We saw the torture cells, that was very full on; the replicas of the buildings where they had slept, where people had woken up almost every morning to find that the people who had gone to sleep next to them were now dead; and the courtyard where they were forced to stand to attention for at least an hour every morning and an hour every night... Without the people there, without photos or video or something to see what it was actually like, it just seemed so empty and silent.
The sleeping quarters were built to fit about 200 people, and even that would have been very squashed. At the height of the war, there were over 2000 people in one of the buildings, and over 1000 in every other one.

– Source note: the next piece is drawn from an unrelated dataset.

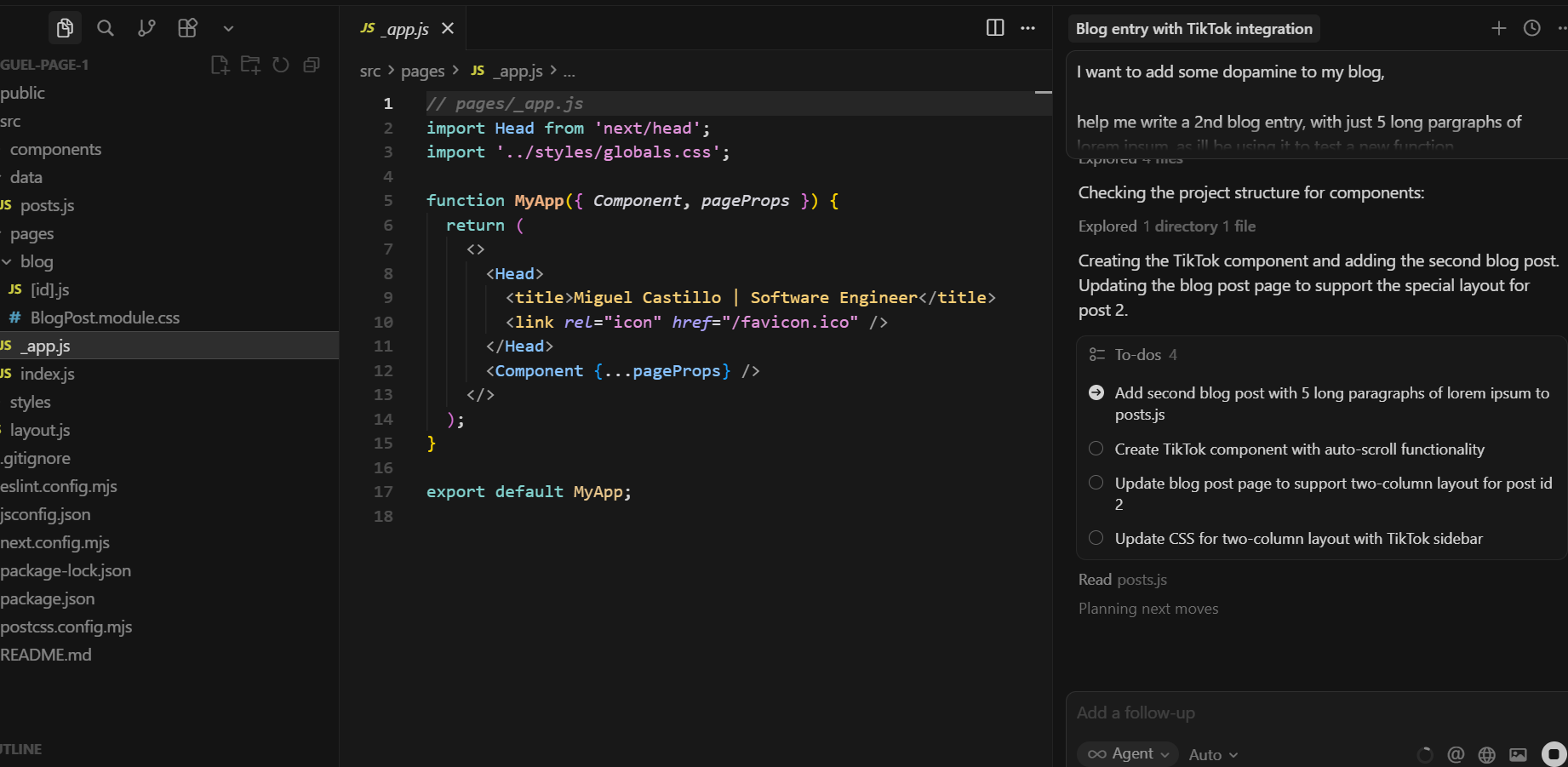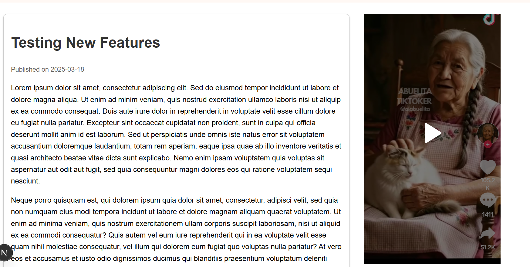 Inspired by Chad Ide (https://www.cladlabs.ai/), "The first brainrot code editor", I realized my blog was pretty… boring. So yeah, it clearly needed some extra dopamine. And obviously, the king of short-form dopamine is TikTok, so I decided to integrate TikToks into my blog.

After this we walked around to the crematorium. Although they claim that the gas chambers here were not actually used for mass murder (only for small groups at irregular intervals, like that makes it better??), they were gas chambers all the same. Disguised as showers, and the gas taking up to 15 minutes to kill everyone in the room. Why choose a method that took so long? Especially if they were only using it for small groups of people. I think that was one of the things that really made me wonder, especially after seeing the torture rooms. Why torture these people? I always thought that this kind of treatment was reserved for people who have something or some knowledge that you want. But these people didn't know anything that the guards wanted to get out of them, and they didn't have anything. At all.
So why torture them? I understand that war, to an extent, means killing people. I don't understand killing in this degree, and I really don't understand why they felt the need to torture them.
The ovens were also a very overwhelming thing to see. Once they couldn't keep up with the death toll by burying the victims, they built a big crematorium with several ovens to cremate the remains.
Out the back is the place where they would bury the ashes, and it now has a small garden with a sign saying, 'the grave of thousands unknown.'

In his opening speech, the guy in charge of this camp would say to the new inmates that in Dachau there is no reason to laugh. No one laughs there except for the devil. And he is the devil.
Scary guy.

We left with more questions that we came with, but in a good way, and with the sad knowledge that this wasn't the end of genocide, or the only time that it had happened.

Well, that is sufficiently depressing, but hopefully you can get a bit out of it as well, it was a trip that I am very glad we made, and a reminder that we can't just be cocky and arrogantly believe that it won't ever happen again.

One last thing I just remembered:
Our guide was telling us that when the new guards came to Dachau to be trained, they were lined up in the courtyard, facing the prisoners. They were asked, "If you see anything between yourself and these animals in front of you that is equal, step to the left" - only a few ever did, and they were immediately imprisoned as well. They were also treated worse because they were identified as being guards who couldn't do their job.
I like to think that if I had to choose between killing someone else, or even hurting someone else or being put into their place myself, that I would be brave enough to "step to the left" but it is very easy to say that when you aren't in that position, and can't even understand what it would be like to go through that.